Depois da queda há necessidade de sangue sacrificial gerada pela quebra da relação humanidade-Deus durante a Era da Lei. Esta necessidade deixou de existir com o derramamento do Sangue de Cristo. Por isso, a lei designada aos judeus, que incluiu vários tipos de derramamento de sangue, não é mais necessária (até porque sacrifício animal não é nada ético na sociedade em que vivemos e é crime). Deve-se entender também que os animais significavam as riquezas materiais dos servos de Deus. Jesus não havia derrubado o véu que nos impede de olhar para Deus face a face naquela época. Jesus ao derrubar o véu também derrubou a religiosidade minuciosa judaica e nos desobriga a sacrificar os animais. A graça nos convida a entregar nossas riquezas, que não necessariamente são apenas moedas e cédulas, mas colocar Deus em primeiro lugar e submeter-nos por inteiro a Ele. A Lei nos obrigava sob pena de morte, mas a Graça nos convida num ato de Amor a Deus. 

Penso no maná também, ele não tinha não tinha carne e o povo conseguia todos os seus nutrientes com ele. No episódio de números 11, por exemplo, Deus só mandou carne para eles, pois estavam murmurando nos ouvidos de Moisés, que se enfadou e relatou a Deus que pediu para que o povo se santificasse (comer carne era complicado ao ponto do povo precisar se santificar antes), porque no dia seguinte eles comeriam carne e por um mês inteiro ainda “até sair pelas narinas” porque eles rejeitaram o cuidado do Senhor.

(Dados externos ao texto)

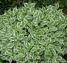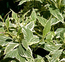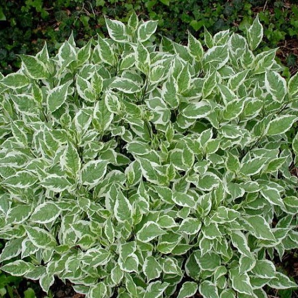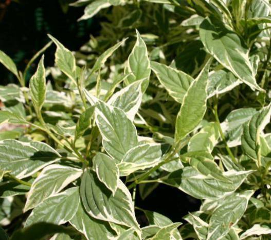 Листья широкие, лацентные, около 8 см длиной, с характерным кремовым цветом по краям, с нижней стороны опушены.
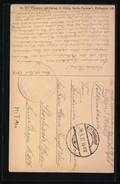 alte Ansichtskarte, gelaufen 1917 als Feldpost, guter Zustand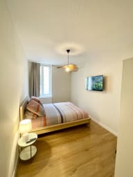 L’appartement dispose d’une chambre avec lit double, d’un salon avec un canapé convertible en banquette (avec surmatelas), d’une cuisine entièrement équipée, d’un espace repas convivial, d’une salle de bain moderne avec douche, et d’un Wi-Fi haut débit. Parfait pour un séjour court ou moyen, en mode détente ou télétravail.
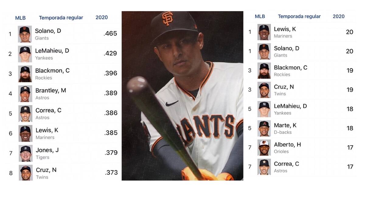 Solano, que el jueves se fue de 4-3, con dos dobles, en la derrota de la novena franciscana ante los Rockies de Colorado, por pizarra de 6-4, viene de tercero en el turno al madero (lugar reservado para los toleteros del line-up) porque sus números en el comienzo de esta temporada atípica lo tienen liderando varios apartados ofensivos en la Liga Nacional y en todas las Grandes Ligas.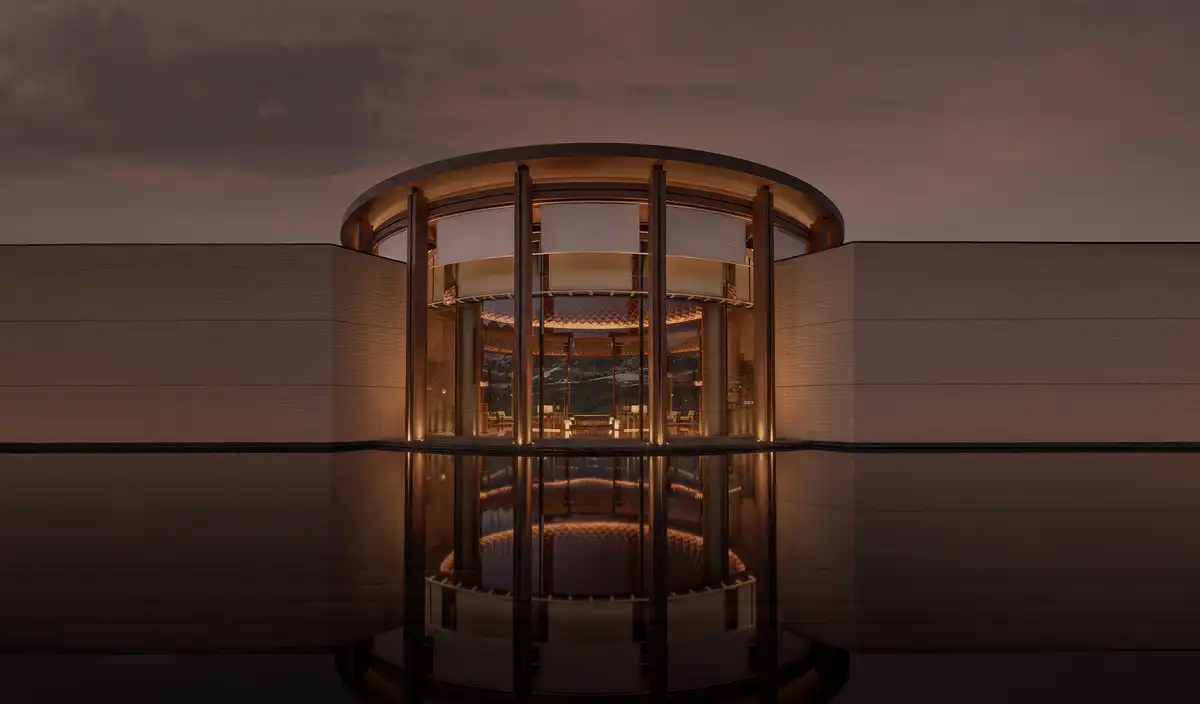 The journey begins in pursuit of light. Inspired by the Nalati sunrise, the hotel’s entrance features a curved canopy that evokes radiating sunbeams. Greeted with a traditional Aul-style welcome, guests are immediately immersed in an atmosphere rich with local culture.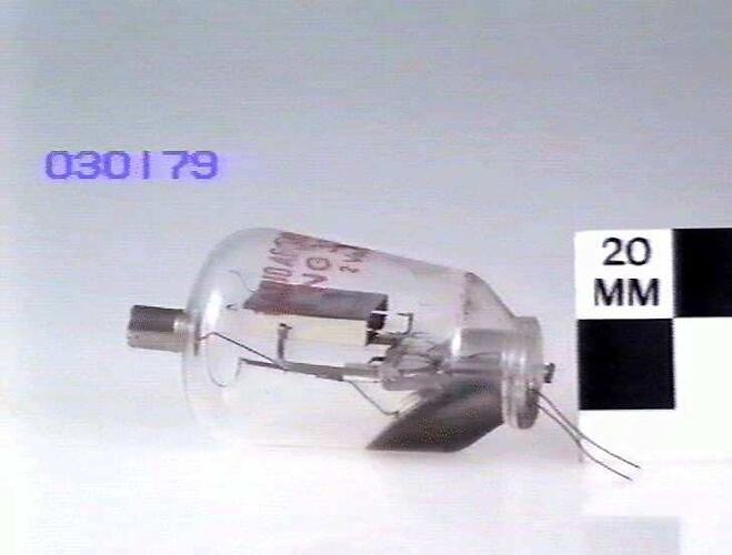 Replace with: High voltage high vacuum half wave rectifier, used in an oscilloscope manufactured by Loewe Radio in 1939. 2 volt directly heated cathode.

Deus sabia o que era melhor para o seu povo, Ele não deu carne antes, mas por causa da murmuração do povo, Ele enviou codornizes que foram “colhidas” (aqui não há sinal de que elas precisaram ser mortas pelo povo, Deus poderia ter as sacrificado sem dor). Quando a carne estava entre os dentes do povo, Deus se irou e enviou uma praga contra ele. Aqui entendo que Deus se ira, pois esse não era o plano dele. Ele não queria que as codornizes fossem sacrificadas, Ele não queria que o povo O rejeitasse pela carne. Em deuteronômio 12:15, mais uma vez, Deus permite o consumo da carne e abençoa, mas reforça que é conforme o desejo “da tua alma”, ou seja, não era o desejo dele.